Any host import not in the plugin’s documented capability list is an anomaly requiring investigation — it may indicate the plugin binary was replaced or was not built from the reviewed source.

Metrics to alert on:

Metric Alert threshold Interpretation
Plugin memory usage > 80% of configured cap Memory leak or unexpected input causing allocation
Plugin execution time p99 > 50ms for header plugins CPU-intensive code path; review for DoS risk
Plugin-denied request rate Sudden spike Either attack traffic or plugin misconfiguration
Plugin load errors Any Failed binary load; possible supply chain event
Audit log gap > 60s with no plugin events during traffic Log pipeline broken; investigate before assuming silence means no events

Summary

Gateway WASM plugins sit at the highest-value position in the request path. A plugin installed globally in Kong or APISIX sees every request, every auth token, every request body for every tenant in the deployment. The controls that matter:

  1. Sign and verify plugin binaries with cosign before loading. Never deploy an unsigned plugin binary to a production gateway node.
  2. Set explicit memory and CPU limits on every WASM plugin. Unbounded plugins are a DoS vector.
  3. Audit host API surface — know which gateway functions each plugin can call, and restrict dispatch_http_call access unless explicitly required.
  4. Scope plugins to routes or services, not globally. Global plugins have maximum blast radius.
  5. Namespace shared state by tenant identifiers to prevent cross-tenant data leakage.
  6. Log security decisions from plugin code to a write-once audit destination. Incident response requires knowing what every plugin decided for every request.
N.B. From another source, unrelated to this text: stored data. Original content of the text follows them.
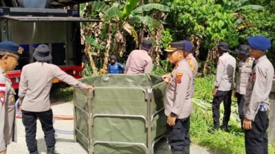 Papua – Satuan Brimob Polda Papua melaksanakan layanan bantuan air bersih layak konsumsi menggunakan Mobil…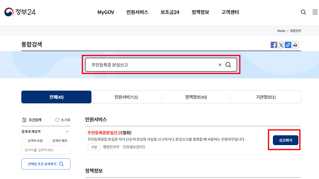 정부 24 홈페이지에 접속하여 주민등록증 분실 신고를 진행 해 주시면 되는데요.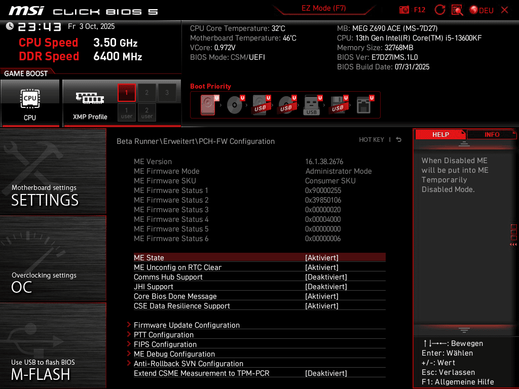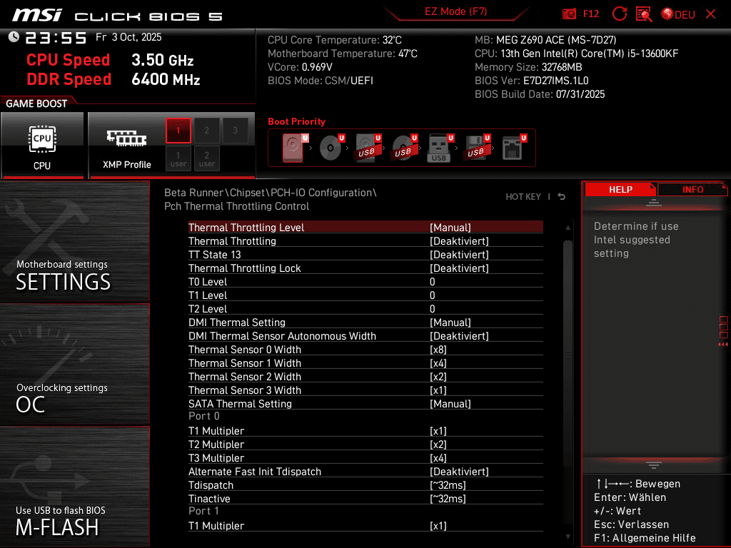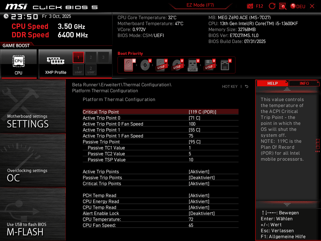 Intel 200S Boost aktiviert, PL2 auf 250W, nach 3 Minuten greift PL1 auf 200W. Ansonsten alles standard im BIOS. Das System lief stabil, keine Problme, keine Aussetzter - alles Super!

The WASM sandbox provides memory isolation between the plugin and the gateway host. It does not protect against a plugin that calls every host function available to it, reads every request header, and sends them via dispatch_http_call to an external endpoint. Defense requires controls at the deployment layer, the capability layer, the resource layer, and the observability layer — not just trust in the sandbox boundary.